▶ _WORK TASK_
Could you write out, exactly, every line from the top of the data through the line holding "Un bowl lleno"? Omit the pictures.

▶ _AVAILABLE DATA_
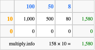 Below is an illustration showing you how to calculate 158 times 10 using the box method, using the instructions above.
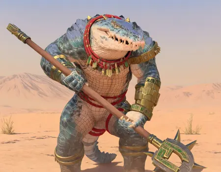 Kroxigor, monster, helmet, holding weapon, club_\(weapon\)
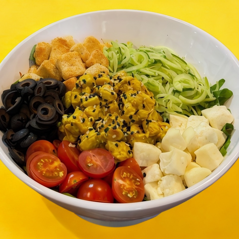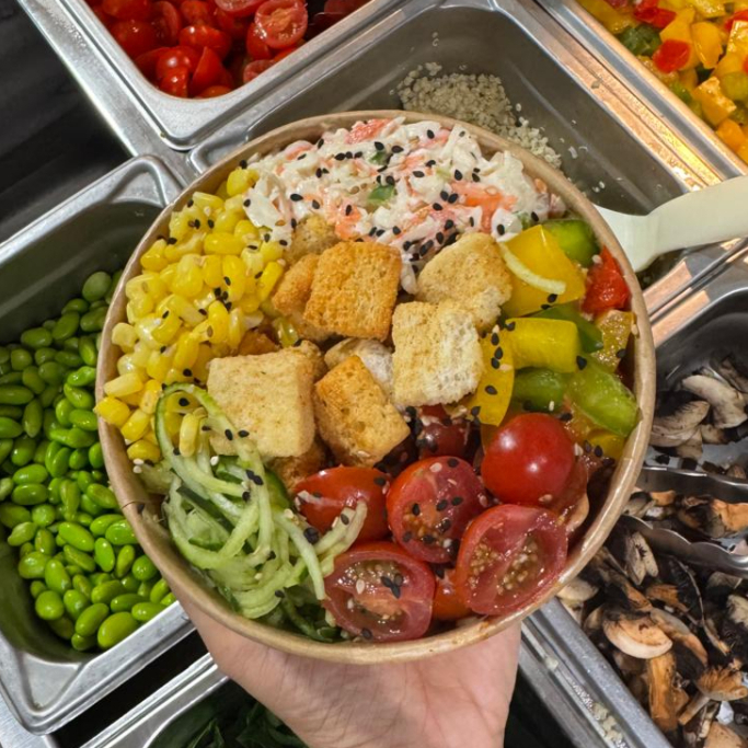 Un bowl lleno de sabor y frescura. Base de arroz con tampico cremoso, acompañado de pepino fresco, pimiento, tomate cherry y elote dulce. 🌽🥒 El toque especial lo pone el aderezo de chipotle, y lo coronamos con crutones doraditos que le dan el crunch perfecto. 😍🔥
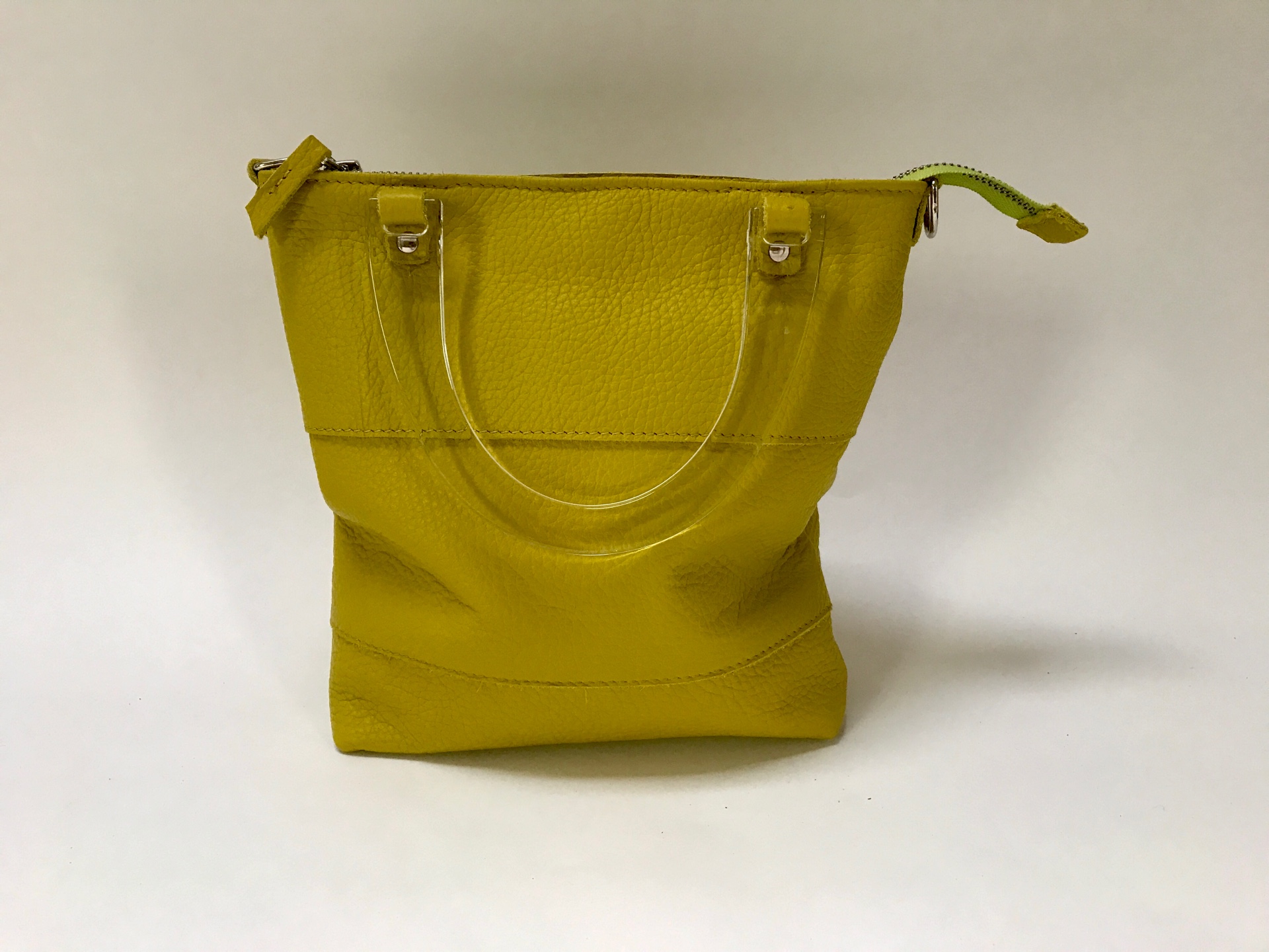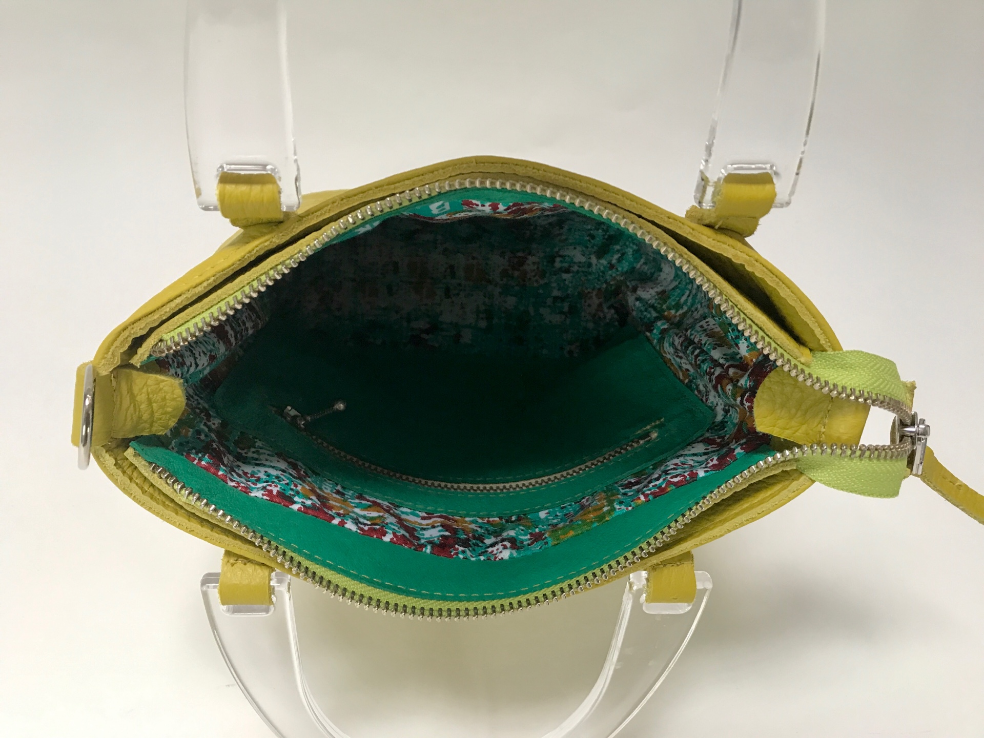 LuPéLo schoudertasje, gemaakt van de leren stalen uit de design meubelzaak. Het limoenkleurige leer combineerde ik met een katoenen Woodin stof, die ik kocht tijdens één van mijn PUM missies in Kumasi (Ghana). De tas sluit met een rits, heeft acryl handvatten en een kleurige (afneembare) schouderband).

▶ _PROBLEM SOLUTION_
 Below is an illustration showing you how to calculate 158 times 10 using the box method, using the instructions above.
 Kroxigor, monster, helmet, holding weapon, club_\(weapon\)
 Un bowl lleno de sabor y frescura. Base de arroz con tampico cremoso, acompañado de pepino fresco, pimiento, tomate cherry y elote dulce. 🌽🥒 El toque especial lo pone el aderezo de chipotle, y lo coronamos con crutones doraditos que le dan el crunch perfecto. 😍🔥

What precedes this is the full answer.